The full listing, reproduced exactly, is what the response must contain.

DATA IN THIS EXERCISE:
------------------------------------------------------------------------

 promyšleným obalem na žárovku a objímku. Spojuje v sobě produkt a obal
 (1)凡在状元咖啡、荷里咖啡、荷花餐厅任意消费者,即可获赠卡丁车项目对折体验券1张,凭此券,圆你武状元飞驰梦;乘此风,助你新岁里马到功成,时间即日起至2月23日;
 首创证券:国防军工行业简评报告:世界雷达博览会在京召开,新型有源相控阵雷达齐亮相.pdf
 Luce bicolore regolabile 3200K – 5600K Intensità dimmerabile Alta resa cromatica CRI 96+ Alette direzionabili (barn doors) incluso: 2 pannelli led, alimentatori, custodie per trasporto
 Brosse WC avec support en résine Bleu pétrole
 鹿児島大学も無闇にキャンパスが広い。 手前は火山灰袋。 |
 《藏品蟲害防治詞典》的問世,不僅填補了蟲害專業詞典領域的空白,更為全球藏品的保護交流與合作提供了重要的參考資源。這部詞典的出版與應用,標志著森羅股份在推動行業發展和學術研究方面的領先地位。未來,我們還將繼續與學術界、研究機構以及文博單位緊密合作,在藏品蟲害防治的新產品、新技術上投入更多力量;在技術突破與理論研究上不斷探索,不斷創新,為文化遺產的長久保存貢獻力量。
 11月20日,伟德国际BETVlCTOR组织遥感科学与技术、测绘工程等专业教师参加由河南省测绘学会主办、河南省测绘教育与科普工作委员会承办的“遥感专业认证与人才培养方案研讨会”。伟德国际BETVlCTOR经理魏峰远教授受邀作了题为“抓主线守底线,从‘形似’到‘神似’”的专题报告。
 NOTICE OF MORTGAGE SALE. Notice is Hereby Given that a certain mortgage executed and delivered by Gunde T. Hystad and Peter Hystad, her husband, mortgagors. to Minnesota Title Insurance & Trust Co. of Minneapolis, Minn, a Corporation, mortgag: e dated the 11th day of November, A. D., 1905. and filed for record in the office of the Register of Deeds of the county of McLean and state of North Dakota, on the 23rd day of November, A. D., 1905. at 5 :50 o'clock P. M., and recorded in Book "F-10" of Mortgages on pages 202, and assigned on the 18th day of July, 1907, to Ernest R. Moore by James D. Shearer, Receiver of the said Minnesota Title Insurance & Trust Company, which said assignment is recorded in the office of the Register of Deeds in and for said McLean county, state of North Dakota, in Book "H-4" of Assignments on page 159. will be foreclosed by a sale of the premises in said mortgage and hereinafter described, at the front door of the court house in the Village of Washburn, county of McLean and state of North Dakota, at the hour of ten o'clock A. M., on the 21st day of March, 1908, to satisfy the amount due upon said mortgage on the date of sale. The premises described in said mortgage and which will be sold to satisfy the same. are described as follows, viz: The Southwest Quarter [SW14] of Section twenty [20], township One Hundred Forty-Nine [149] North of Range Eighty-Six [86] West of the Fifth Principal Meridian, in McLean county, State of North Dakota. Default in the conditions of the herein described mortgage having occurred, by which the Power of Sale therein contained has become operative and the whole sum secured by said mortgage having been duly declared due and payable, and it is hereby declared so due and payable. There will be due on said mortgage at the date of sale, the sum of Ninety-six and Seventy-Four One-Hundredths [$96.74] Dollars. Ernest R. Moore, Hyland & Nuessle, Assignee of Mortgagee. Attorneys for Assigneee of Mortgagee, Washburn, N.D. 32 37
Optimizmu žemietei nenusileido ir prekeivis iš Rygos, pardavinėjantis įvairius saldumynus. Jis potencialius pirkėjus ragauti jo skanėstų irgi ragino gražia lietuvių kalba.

------------------------------------------------------------------------

ANSWER SPACE:
 promyšleným obalem na žárovku a objímku. Spojuje v sobě produkt a obal
 (1)凡在状元咖啡、荷里咖啡、荷花餐厅任意消费者,即可获赠卡丁车项目对折体验券1张,凭此券,圆你武状元飞驰梦;乘此风,助你新岁里马到功成,时间即日起至2月23日;
 首创证券:国防军工行业简评报告:世界雷达博览会在京召开,新型有源相控阵雷达齐亮相.pdf
 Luce bicolore regolabile 3200K – 5600K Intensità dimmerabile Alta resa cromatica CRI 96+ Alette direzionabili (barn doors) incluso: 2 pannelli led, alimentatori, custodie per trasporto
 Brosse WC avec support en résine Bleu pétrole
 鹿児島大学も無闇にキャンパスが広い。 手前は火山灰袋。 |
 《藏品蟲害防治詞典》的問世,不僅填補了蟲害專業詞典領域的空白,更為全球藏品的保護交流與合作提供了重要的參考資源。這部詞典的出版與應用,標志著森羅股份在推動行業發展和學術研究方面的領先地位。未來,我們還將繼續與學術界、研究機構以及文博單位緊密合作,在藏品蟲害防治的新產品、新技術上投入更多力量;在技術突破與理論研究上不斷探索,不斷創新,為文化遺產的長久保存貢獻力量。
 11月20日,伟德国际BETVlCTOR组织遥感科学与技术、测绘工程等专业教师参加由河南省测绘学会主办、河南省测绘教育与科普工作委员会承办的“遥感专业认证与人才培养方案研讨会”。伟德国际BETVlCTOR经理魏峰远教授受邀作了题为“抓主线守底线,从‘形似’到‘神似’”的专题报告。
 NOTICE OF MORTGAGE SALE. Notice is Hereby Given that a certain mortgage executed and delivered by Gunde T. Hystad and Peter Hystad, her husband, mortgagors. to Minnesota Title Insurance & Trust Co. of Minneapolis, Minn, a Corporation, mortgag: e dated the 11th day of November, A. D., 1905. and filed for record in the office of the Register of Deeds of the county of McLean and state of North Dakota, on the 23rd day of November, A. D., 1905. at 5 :50 o'clock P. M., and recorded in Book "F-10" of Mortgages on pages 202, and assigned on the 18th day of July, 1907, to Ernest R. Moore by James D. Shearer, Receiver of the said Minnesota Title Insurance & Trust Company, which said assignment is recorded in the office of the Register of Deeds in and for said McLean county, state of North Dakota, in Book "H-4" of Assignments on page 159. will be foreclosed by a sale of the premises in said mortgage and hereinafter described, at the front door of the court house in the Village of Washburn, county of McLean and state of North Dakota, at the hour of ten o'clock A. M., on the 21st day of March, 1908, to satisfy the amount due upon said mortgage on the date of sale. The premises described in said mortgage and which will be sold to satisfy the same. are described as follows, viz: The Southwest Quarter [SW14] of Section twenty [20], township One Hundred Forty-Nine [149] North of Range Eighty-Six [86] West of the Fifth Principal Meridian, in McLean county, State of North Dakota. Default in the conditions of the herein described mortgage having occurred, by which the Power of Sale therein contained has become operative and the whole sum secured by said mortgage having been duly declared due and payable, and it is hereby declared so due and payable. There will be due on said mortgage at the date of sale, the sum of Ninety-six and Seventy-Four One-Hundredths [$96.74] Dollars. Ernest R. Moore, Hyland & Nuessle, Assignee of Mortgagee. Attorneys for Assigneee of Mortgagee, Washburn, N.D. 32 37
Optimizmu žemietei nenusileido ir prekeivis iš Rygos, pardavinėjantis įvairius saldumynus. Jis potencialius pirkėjus ragauti jo skanėstų irgi ragino gražia lietuvių kalba.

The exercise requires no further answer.